そんな事をよく言っていたし、喉も大事にしていた。
声の通りが悪くなるからと煙草も止めた。
しかしそれは過去の話である。
YouTube
そんな彼が始めたYouTubeがバズリまくっている。
恐らくYouTubeを始めてから一年も経っていないがチャンネル登録者は10万人に迫る勢いだ。
ちなみ俺がYouTubeを初めて一年経った時のチャンネル登録者数は150人くらいだ。
バンドは解散
ちなみにYouTubeの内容は音楽とは全く関係ない。
YouTubeとバンド解散の関連性は不明だが、YouTubeがバスって来たあたりで彼はバンドを解散した。

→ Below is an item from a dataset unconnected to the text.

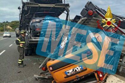 Bisarca carica di auto coinvolta in un incidente, caos sulla statale 223

聞いた話ではバンドメンバーは解散ではなく、活動休止を提案したらしいが、彼の強い意志で解散に至ったらしい。
彼は作詞作曲を担当するボーカルギターだったので、ソロで活動するのかと思っていたが、音楽からは足を洗うらしい。
久しぶりに彼の部屋に行ったら、部屋からギターは消え、部屋は煙草臭かった。
YouTubeのチャンネル登録者数こそが人間の価値
動画がバズリ収益が増えると、彼の価値観は変わっていった。
YouTubeのチャンネル登録者数こそが人間の価値と感じるようになったのか、俺の事を「一般国民」「下級戦士」などと呼ぶようになった。
なにかがあると「見せてやろう超エリートYouTuberの圧倒的パワーを!!」などと訳の分からない事を言うようになってしまっったので、尊敬の念を込めてベジータと呼んであげるのだが、俺の事は決してカカロットとは呼んでくれない。
電車でグラサン
人気者になった彼は、街を歩く時に周りがパニックになるからとマスクとグラサンを欠かさなくなった。
電車でもグラサン。夜でもグラサン。
煙草も吸い始めた。
YouTuber以外を「素人」と呼ぶようになった。
ヒカキンをヒカキンさんと呼ぶようになった。
ドンキホーテ・ドフラミンゴみたいな服を着るようになった。
しかしよくよく思い返してみると、初めて会った彼も女性の顔が入ったジーパンにピンクのパーカーと、ドンキホーテ・ドフラミンゴを彷彿させる服装だった。